I attend the twenty-fifth SSSQ reunion at the Forest Hills Jewish Center. The scene has changed only slightly. There are a lot of bald machers and their gleaming wives, entire tables speaking in Hebrew, teachers shushing us, a “Chinese auction” of vaguely Chagallesque paintings, a hired comedian making jokes about Hispanics and Iranians. “We taught you Chumash,”* a new but familiar-sounding female authority figure is screaming at us, “but we didn’t teach you manners. Stop talking! I have a hostile audience here!”
And as I glance around at my former classmates, a thought occurs to me. This is a community. These people know one another, understand one another, came of age with one another. They were tied by kin and outlook, as were their parents. As were their parents before them. Moms making rugelach in advanced baking ovens, dads talking mileage on their new Lincolns, the drowsy, hypnotic hum of cantors and rabbis on Saturday mornings. What happened here, this was nobody’s fault. We Soviet Jews were simply invited to the wrong party. And then we were too frightened to leave. Because we didn’t know who we were. In this book, I’m trying to say who we were.

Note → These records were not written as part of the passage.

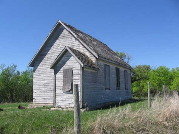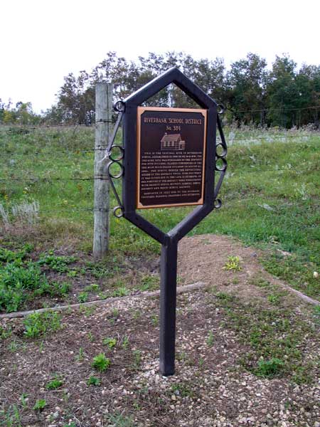 This is the original site of Riverbank School, established in 1886 on NE34-6-19W in what is now the Municipality of Grassland. The one-acre site was purchased by the district for five dollars. Classes commenced in the one-room wood frame building on 23 August 1886. The school served the educational needs of the district until June 1953 when it was closed to the lack of students. In 1961, portions of the district were consolidated with Nesbitt School No. 724, Carroll School No. 868, and Minto School No. 1174. As of 2006, the wood frame building was sitting vacant at its former site but, sometime before August 2010, it burned to the ground. Only its concrete foundation, a few charred floor boards, and the bricks from its chimney remain there now. A monument was dedicated in July 1992 to the pioneers, trustees, parents, teachers, and students of Riverbank School.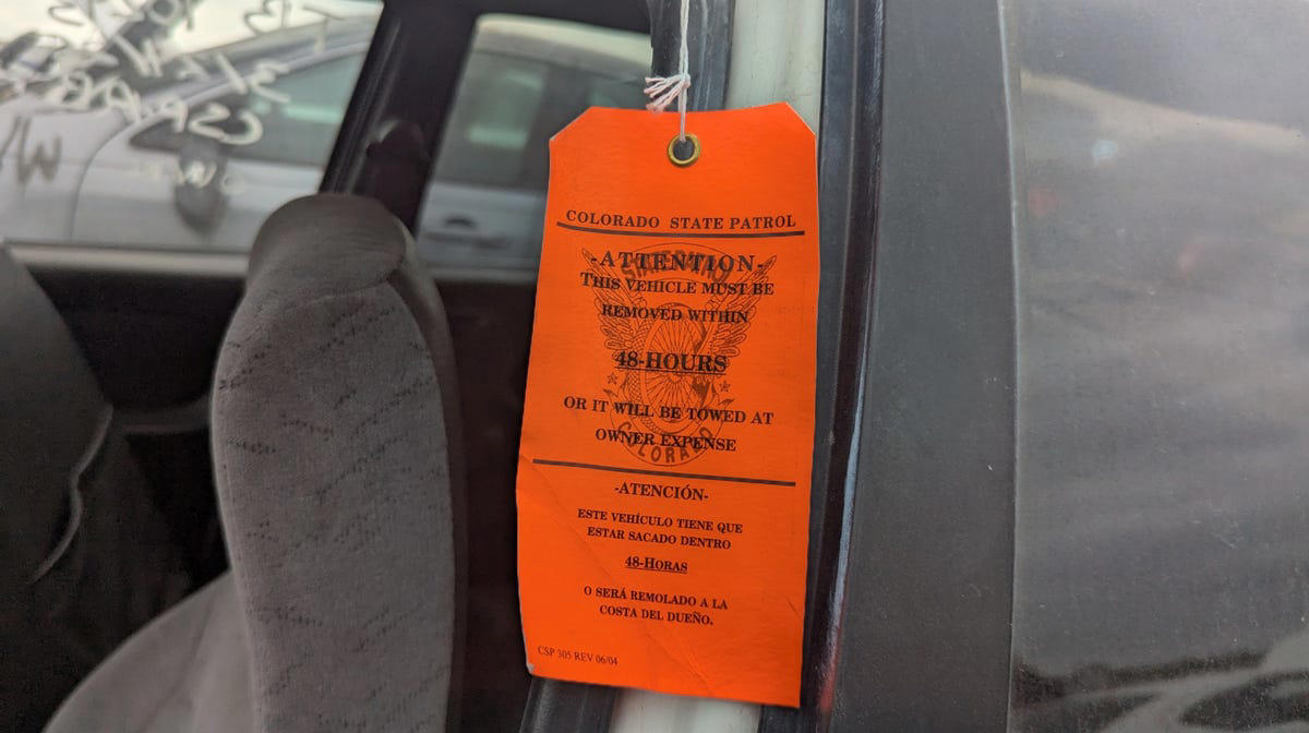 This red tag from the Colorado State police for being abandoned at an Interstate 70 rest area suggests the former theory.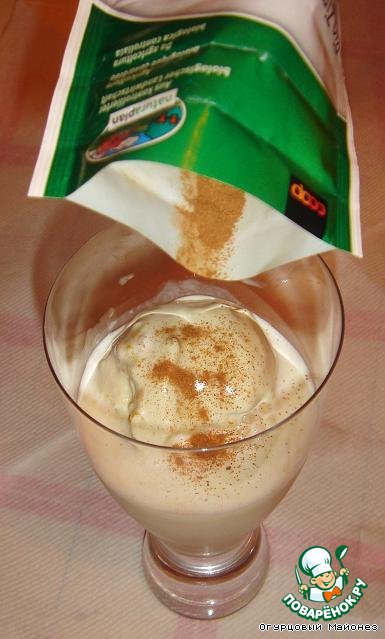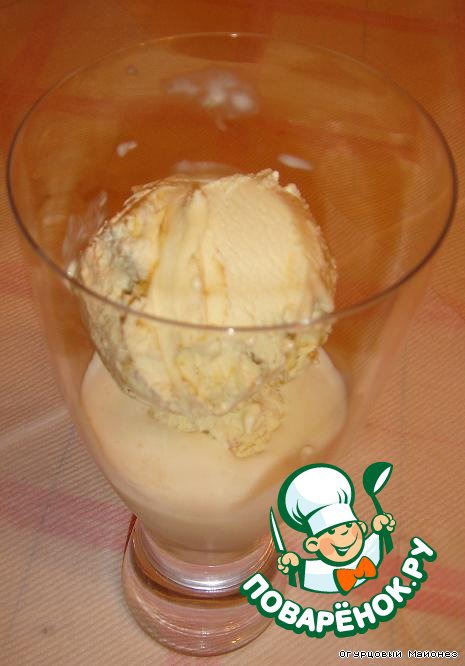 Растапливаем ванильное мороженое. Переливаем его в глубокий стакан и добавляем абсент.

“Dear Gnu, You are a funny republican who will be a democrat in a few years. Fuck Reagan! Bring on Jesse [Jackson]! Enjoy the Chinese whiz kids.† Love … Rachel W.”—from a classmate in the SSSQ autograph book, 1987
“Dear Gary, Just one question: Do you ever cry?”—another classmate
“P.S. For every fortune made — a crime has been committed.”—Mr. Korn.
“Genug [“enough,” Yiddish], Gnu. Begin anew.”—a concerned art teacher
In our computer games, there’s a series of commands the player types on the status line when he finds himself in an entirely new environment.
>Look. Hear. Taste. Smell. Feel.
All my books are packed for our move to the new house with the backyard. The wood-paneled closet is empty. I open it with the same trepidation as always, but the Lightman is sitting in the corner, shaking, little pinpricks of light falling off his body. Now that my asthma is gone, I can breathe in fully as I watch him disappear. But this is no catharsis for me, I’m afraid. No metamorphosis. Even as my tormentor drowns in the darkness around him, my fists are clenched. “You motherfucker,” I say in my now-perfect English. You motherfucker.